You know how girls who are trying to lose weight tape pictures of sleek, gorgeous models to the fridge? I want a huge photo of Anjelica Huston, in “Smash,” on my wall, to remind me of what to aspire to.
Anjelica Huston is 68. And yeah, maybe she’s had some work done. And yeah, her hair is not its natural color. And yeah, she is wearing a lot of makeup. (Actually, that’s maybe my only complaint—all the makeup. I can tell that she’d be stunning without it.) But even with it, and the dyed hair, and the possible tweaking that seems inevitable for women over the age of 40 on television, she is still undeniably different. She is still strikingly unique. No one else looks even close to anything like her. And instead of letting this be a weakness, she makes it her signature. She makes it her strength. Instead of disappearing into the crowd, she stands at the middle of it and shouts until everyone turns to pay attention. And all eyes stay on her. Her look refuses to be typical. It refuses to be “appropriate.” And her character on “Smash” fits her look perfectly. She is Eileen Rand, a brash, determined producer who emerges from her wealthy, philandering ex-husband’s shadow to take the reins and put on a play that she thinks will sweep Broadway.
I love Eileen Rand, and I love Anjelica Huston as her. Her beauty is all about her fierceness, her force, and her differences. Because of this, she is my beauty role-model.
I’m not saying I want to look just like her. It’s not like that. I want to be able to rock whatever look I happen to have. Which is what she’s doing. She is rocking the look that she has. Which is pretty much why I watch “Smash.” I mean, the singing is good, too, and occasionally they reference the neighborhood I live in and I feel briefly important. But mostly I watch to see Eileen Rand kicking butt and being an awesome combination of bold, vulnerable, determined, and fantastic. She is also sexy. Her sex appeal is like a message in a bottle washing up on a beach full of supermodels in bikinis. It gives me hope.
It gives me hope because she doesn’t look stereotypically hot. She doesn’t really look stereotypically anything. She looks older than sexy women are supposed to be. She looks heavier than women on TV usually are, unless they’re comedic or on a reality show. She has a bold, outspoken nose. She looks tall and big and strong and different. And she looks fantastic.

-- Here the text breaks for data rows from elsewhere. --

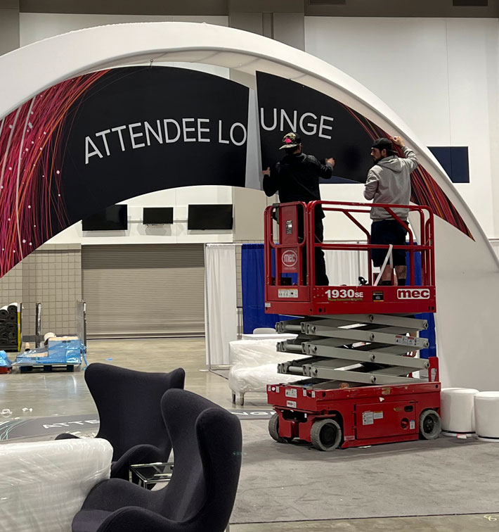 First stop was registration located right in front of the expo hall for easy access. Inside Expo we created lounges for people to rest and recharge in between the various exhibitor booths.
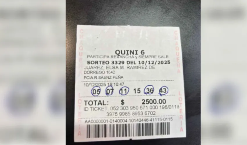 Una jubilada oriunda de la ciudad de Presidencia Roque Sáenz Peña cobró un premio superior a los 8 millones de pesos tras resultar ganadora en el sorteo del Quini 6 realizado el pasado miércoles 10 de diciembre.
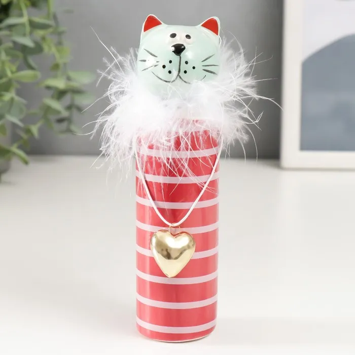 Фигурка керамика «Кошечка в мехах с золотым сердечком», мятно-красный, 4×4×15.5 см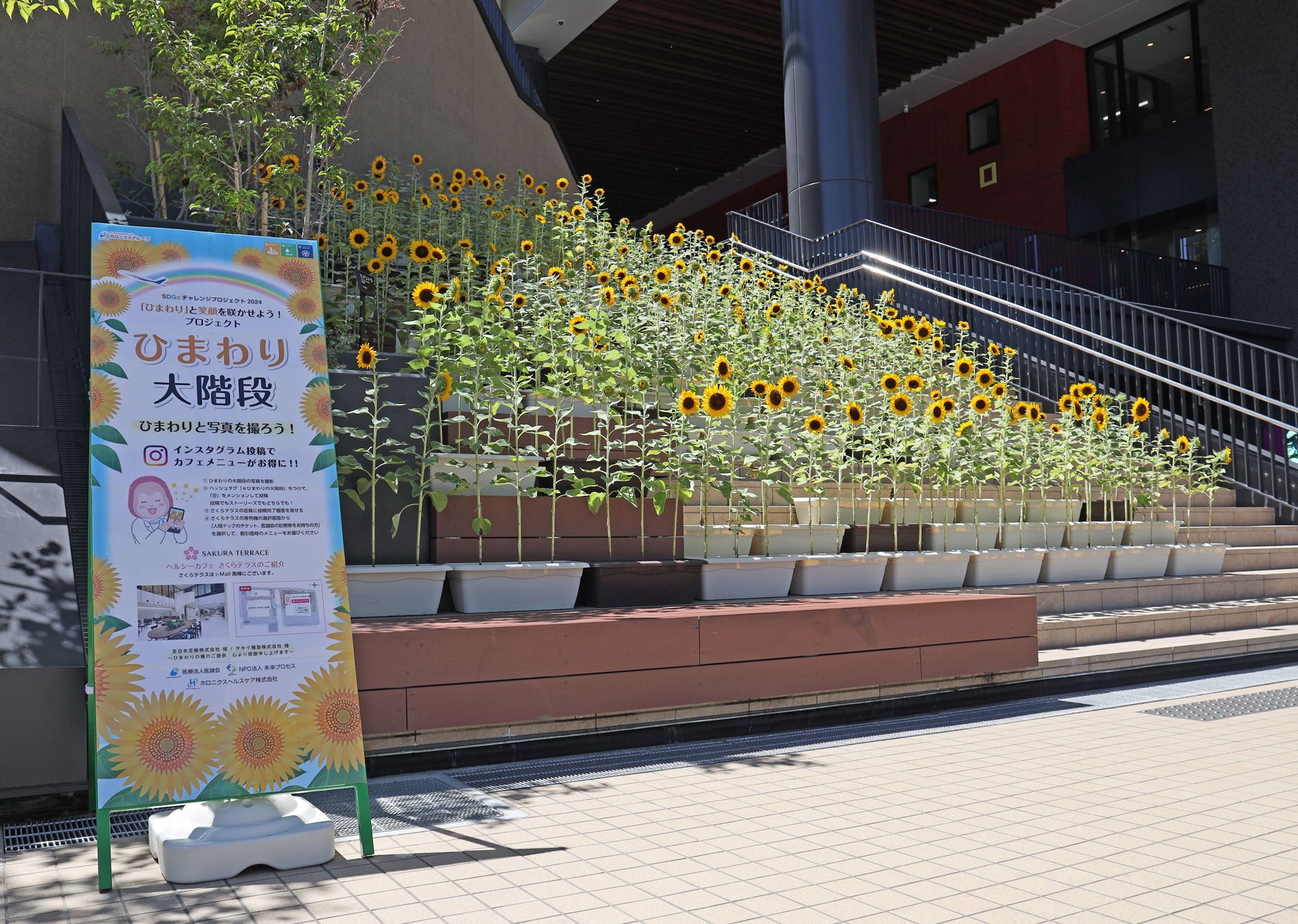 ひまわりの輝く黄色に込められた「大切な人の幸せと無事を願う」気持ちが多くの人に届いたことでしょう。尚、ひまわりの大階段は、花の終わりまで継続して設置されています。

So often, we praise women for looking young, when they aren’t anymore. Good for you! We say. You look like something you aren’t! You’re succeeding in fooling everyone! So often, we celebrate beauty that looks exactly like all the beauty that came before it.
Let’s be real for a second: I am never going to be beautiful in the way that most actresses are beautiful. And sometimes I catch myself vaguely wishing that there were some unusual looking stars to look up to. And sometimes I feel quietly freaked out because I’m pretty sure I’m not even fooling anyone now, and by the time I’m in my 40′s and 50′s, no one will be saying, “You look like you’re 25!” unless I’m really rich and they’re hoping I’ll give them money. And sometimes I’m like, “Are there any women on TV who don’t have tiny noses?”
OK, that’s a really petty little pet peeve. But sometimes a girl just needs an example of what it might look like to be awesome and older and sexy without being some sort of genetic goddess who was born to be on the cover of every magazine with a headline that reads “Learn her beauty secrets! She actually feels bad about something about herself because she’s just like you, believe it or not!”
I don’t believe it. But I do believe in Anjelica Huston. I believe that she is making her own sex appeal out of her willingness to stand there in front of the crowd with her back perfectly straight, being her fabulous self. Wearing her fabulous clothes. Acting her fabulous roles.
That’s beauty I can believe in. That’s the kind of beauty I want to have myself.
Good thing I have a big nose! It’s a start, at least.